View this table: [in this window] [in a new window]   Table 1. Characteristics of the study population are shown, including 12 patients treated with CSA and seven patients with Tac

 
The median age of patients at kidney transplantation was 4.8 years (range 1.8–13.7 years) in CSA-treated patients and 9.3 years (range 4.1–13.8 years) in Tac-treated patients. The median duration between transplantation and study enrolment was 2.8 years (range 1.3–7.5 years) in CSA-treated patients and 5.0 years (range 2.3–11.0 years) in Tac-treated patients. Inclusion criteria were as follows: Boys and girls who were younger than 18 years were eligible for the study if they (i) had received a cadaveric or living kidney transplant (1st or 2nd kidney transplantation), (ii) had undergone transplantation 12 months previously, (iii) had been rejection-free for at least 6 months and (iv) had received CSA or Tac for at least 6 months and MMF for at least 3 months (MMF trough level 1.5–4 ng/ml).
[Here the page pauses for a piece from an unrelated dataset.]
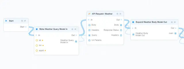 3.在设置任务调度器之前,你需要创建一个业务流程,它将通过API接收天气信息。该业务流程看起来如下。
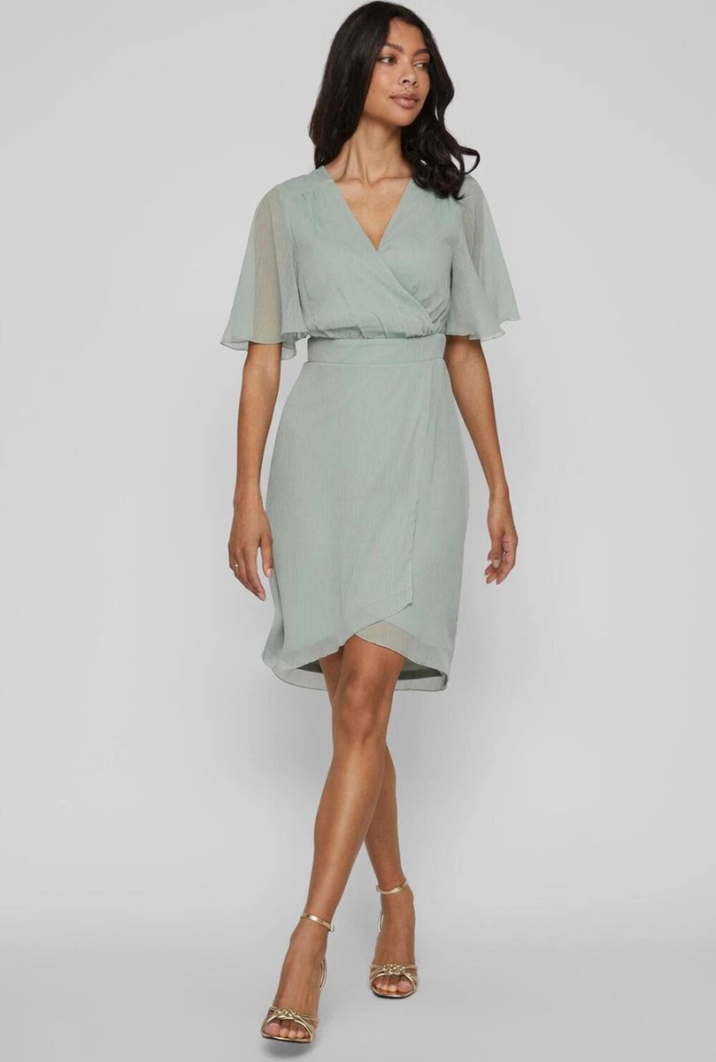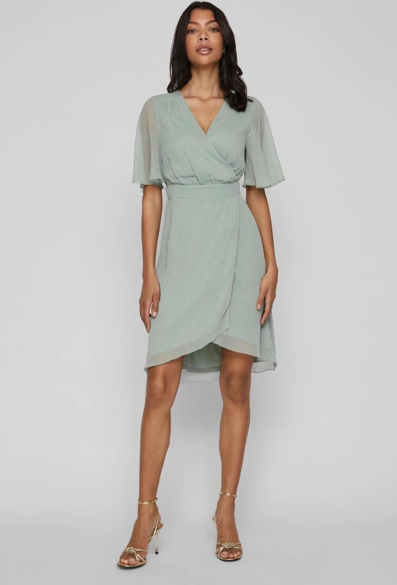 Vila Jurk Virilla V-neck 2/4 Short Dress/bm/d 14083771 Green Milieu Dames Maat – 40

Exclusion criteria were: (i) glomerular filtration rate (GFR) <40 ml/min/1.73 m², (ii) more than two rejection episodes within the last 12 months, (iii) any steroid-resistant rejection episode in the past medical history, (iv) relapse of the underlying disease, (v) infection with CMV or EBV that required treatment within the last 3 months and (vi) pregnancy or lactation.

Initial immunosuppression after transplantation was azathioprine, CSA and prednisone in five patients and MMF, CSA and prednisone in 14 patients. Initial prednisone treatment was performed according to standard regimen and was continued for at least one year after transplantation. One patient additionally received antithymocyte globulin immediately after transplantation, one patient, daclizumab and another took part in the placebo-controlled basiliximab study for children of the Arbeitsgemeinschaft Pädiatrische Nephrologie (APN). Seven of 19 patients were switched from CSA to Tac for the following reasons: development of CAN (four patients), acute rejection episodes (two patients) and suspected CSA-induced pneumonitis that improved after switch to Tac (one patient).

Before study enrolment, renal biopsy was performed in three of 12 patients under CSA, all of whom had histological signs of chronic CNI toxicity. In patients receiving Tac, renal biopsy was performed in all seven patients, five of whom had histological signs of chronic CNI toxicity. After study enrolment, dosage of CNI was stepwise reduced over a period of 9 months to trough levels of CSA of 50–70 ng/ml and Tac of 2–3 ng/ml (details of reduction procedure are shown in Figure 1). At the following time points, regular study visits were performed: the beginning of the study as well as 3, 6, 9, 12, 15 and 18 months after start of reduction of CNI. The following parameters were determined: serum creatinine, sodium, potassium, phosphate, magnesium, cholesterol, high-density lipoprotein cholesterol and triglycerides. In addition, trough levels of CSA, Tac and MMF were determined. Before reduction of CSA and after the reduction period, CSA levels 2 h after administration of CSA (C2) were determined.

View larger version (10K): [in this window] [in a new window] [Download PowerPoint slide]   Fig. 1. Schematic study design with different time points, separated in a retrospective and a prospective part. The retrospective part begins 12 months before study enrolment. At study enrolment CSA or Tac reduction was started and target CSA or Tac trough levels were shown in the design. The different time points were 3, 6, 9, 12 and 18 months after study enrolment.

 
Moreover, the following patient data were recorded on a regular basis: height, weight, blood pressure, CSA dosage, MMF dosage, number and dosage of antihypertensive drugs as well as number and nature of adverse events due to the medication (i.e. infectious adverse events or adverse events due to administered drugs). The patients’ 24 h blood pressure was kept below the 50th percentile according to Soergel et al. [11]. At all time points GFR was calculated using the Schwartz formula (height/creatinine ratio) [12]. As an index of change in GFR over time, i.e. ‘delta-GFR per month’ (in ml/min/1.73 m²/month) was estimated. The area under the time concentration curve (AUC) of CSA was estimated according to the formula of David-Neto et al. [13]: AUC_0–4 = 462 + (2.75 x C2).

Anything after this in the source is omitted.